Below are records with pictures. Transcribe exactly, and only, the lines from the line with "Ninvstg 4pcs Mexico" to the line with "1ドル = 150円 → 1ドル = 100円", both ends included, but not the pictures.

Supplied data:
Start of Block

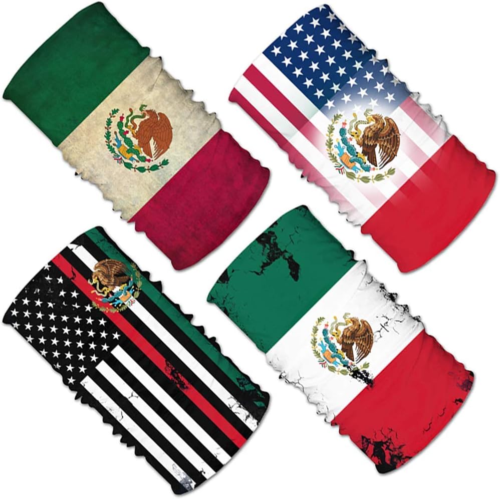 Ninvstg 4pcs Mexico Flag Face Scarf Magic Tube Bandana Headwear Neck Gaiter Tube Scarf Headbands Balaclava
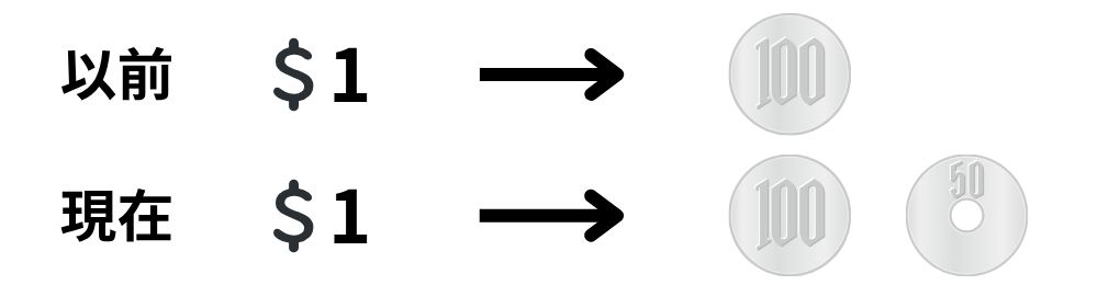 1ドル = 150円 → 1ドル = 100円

End of Block
Start of Block

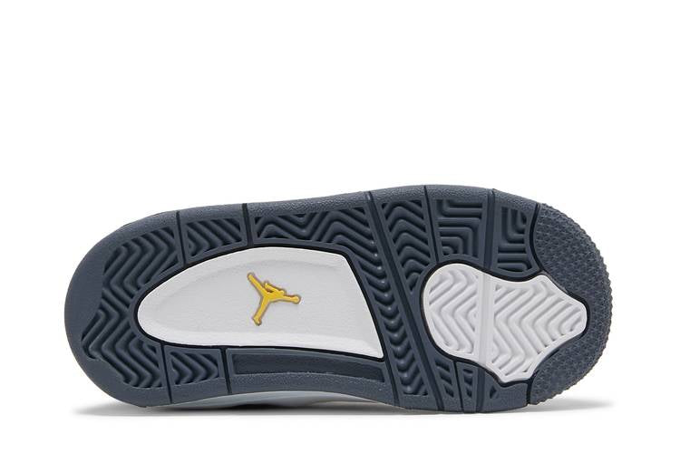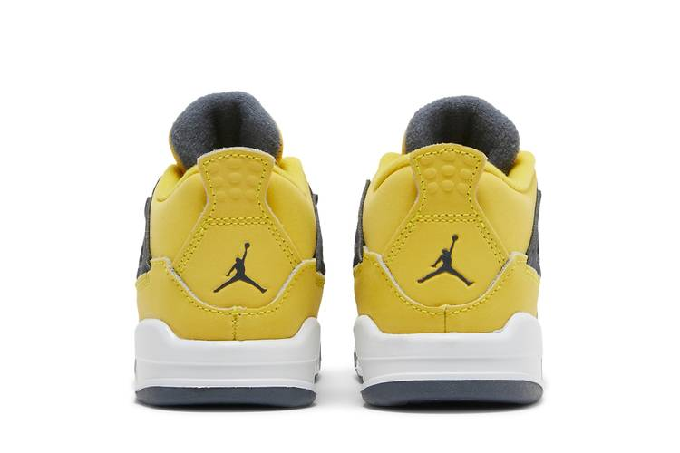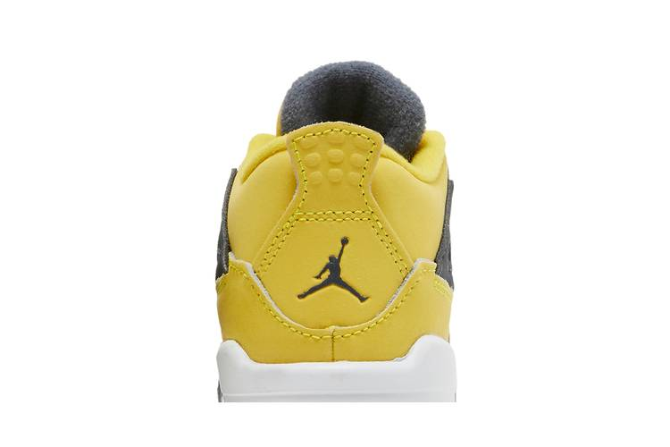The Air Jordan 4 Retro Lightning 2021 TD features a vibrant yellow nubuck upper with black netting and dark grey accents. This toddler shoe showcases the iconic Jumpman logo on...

End of Block

Exercise answer:
 Ninvstg 4pcs Mexico Flag Face Scarf Magic Tube Bandana Headwear Neck Gaiter Tube Scarf Headbands Balaclava
 1ドル = 150円 → 1ドル = 100円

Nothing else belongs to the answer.